Segment Start: EXCERPTED RECORDS

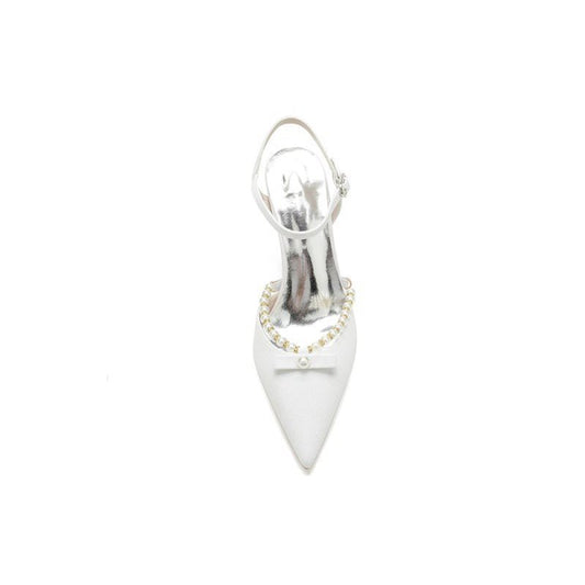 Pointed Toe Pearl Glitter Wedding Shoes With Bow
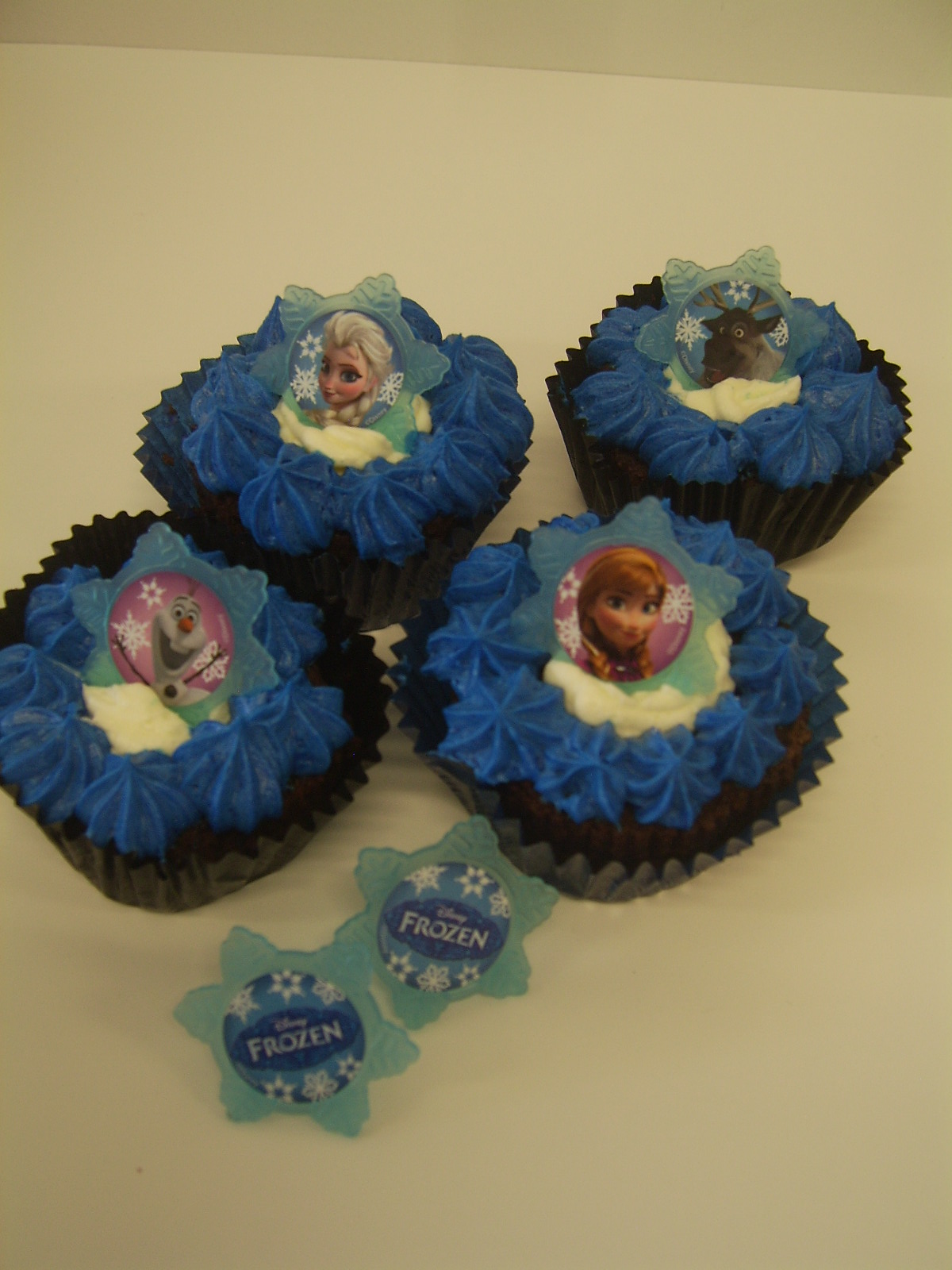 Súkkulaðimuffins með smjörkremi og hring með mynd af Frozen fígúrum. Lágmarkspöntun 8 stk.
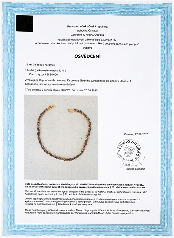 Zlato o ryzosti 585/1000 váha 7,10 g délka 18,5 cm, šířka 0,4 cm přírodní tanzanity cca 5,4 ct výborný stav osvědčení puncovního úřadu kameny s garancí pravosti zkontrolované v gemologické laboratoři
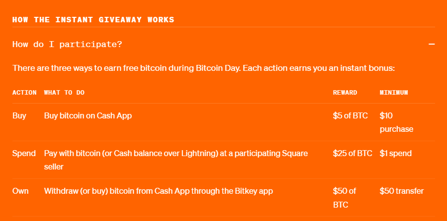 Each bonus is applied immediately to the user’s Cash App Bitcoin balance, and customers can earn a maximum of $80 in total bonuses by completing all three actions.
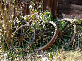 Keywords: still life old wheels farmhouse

Segment End: EXCERPTED RECORDS
Segment Start: EXCERPTED RECORDS

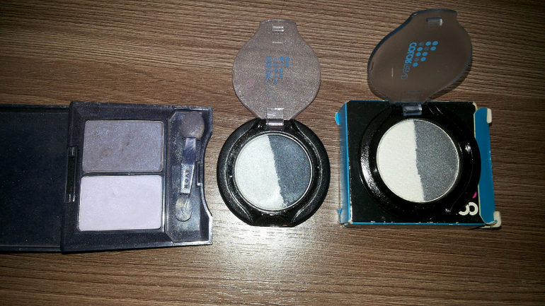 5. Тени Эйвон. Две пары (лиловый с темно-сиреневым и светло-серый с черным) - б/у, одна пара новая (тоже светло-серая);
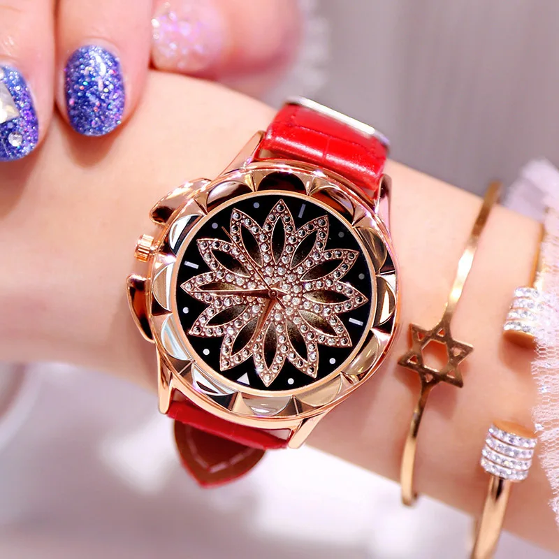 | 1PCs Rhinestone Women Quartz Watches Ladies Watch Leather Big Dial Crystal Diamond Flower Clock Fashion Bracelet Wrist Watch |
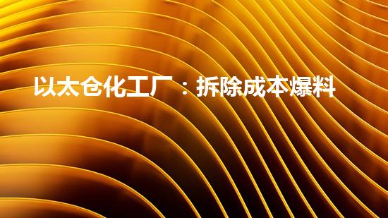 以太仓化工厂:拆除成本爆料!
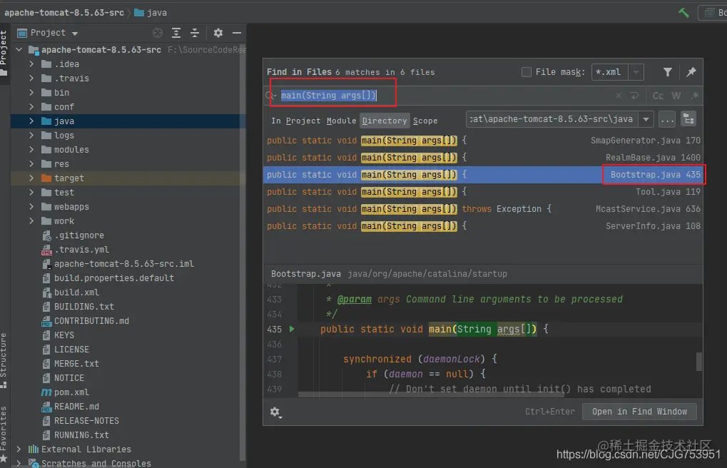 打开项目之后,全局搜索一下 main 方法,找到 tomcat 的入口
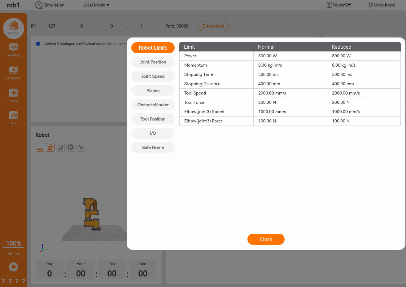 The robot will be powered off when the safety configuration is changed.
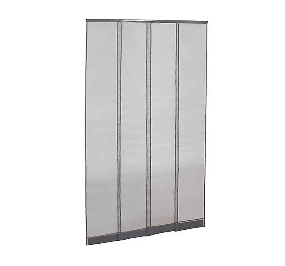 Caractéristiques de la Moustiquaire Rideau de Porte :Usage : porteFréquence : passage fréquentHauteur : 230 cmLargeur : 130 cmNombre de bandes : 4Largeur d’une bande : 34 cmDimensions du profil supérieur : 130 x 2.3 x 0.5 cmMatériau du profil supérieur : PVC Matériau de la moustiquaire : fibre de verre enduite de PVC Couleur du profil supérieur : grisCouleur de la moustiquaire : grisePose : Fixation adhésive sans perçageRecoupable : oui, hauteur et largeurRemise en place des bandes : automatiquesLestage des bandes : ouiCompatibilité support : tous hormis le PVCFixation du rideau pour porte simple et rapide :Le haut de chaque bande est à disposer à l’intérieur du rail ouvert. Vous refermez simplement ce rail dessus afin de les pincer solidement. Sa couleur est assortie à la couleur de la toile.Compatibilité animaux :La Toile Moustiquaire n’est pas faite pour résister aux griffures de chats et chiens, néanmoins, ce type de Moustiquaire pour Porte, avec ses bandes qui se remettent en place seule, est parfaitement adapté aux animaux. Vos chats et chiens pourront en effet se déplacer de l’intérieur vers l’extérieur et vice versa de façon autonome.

Segment End: EXCERPTED RECORDS
Segment Start: EXCERPTED RECORDS

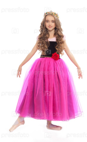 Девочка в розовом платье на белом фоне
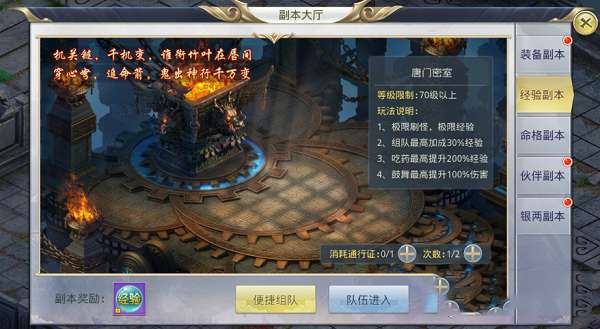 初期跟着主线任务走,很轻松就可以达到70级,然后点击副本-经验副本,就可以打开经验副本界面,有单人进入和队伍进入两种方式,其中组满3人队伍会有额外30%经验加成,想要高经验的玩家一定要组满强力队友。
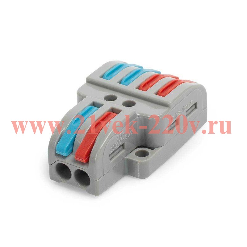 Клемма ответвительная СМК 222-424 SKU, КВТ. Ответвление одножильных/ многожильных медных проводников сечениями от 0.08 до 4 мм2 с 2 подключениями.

Segment End: EXCERPTED RECORDS

Output exactly the stretch of the listing that begins at the line containing "Wrist Watch |" and ends at the line containing "The robot will", both kept. Omit pictures and everything else.

 | 1PCs Rhinestone Women Quartz Watches Ladies Watch Leather Big Dial Crystal Diamond Flower Clock Fashion Bracelet Wrist Watch |
 以太仓化工厂:拆除成本爆料!
 打开项目之后,全局搜索一下 main 方法,找到 tomcat 的入口
 The robot will be powered off when the safety configuration is changed.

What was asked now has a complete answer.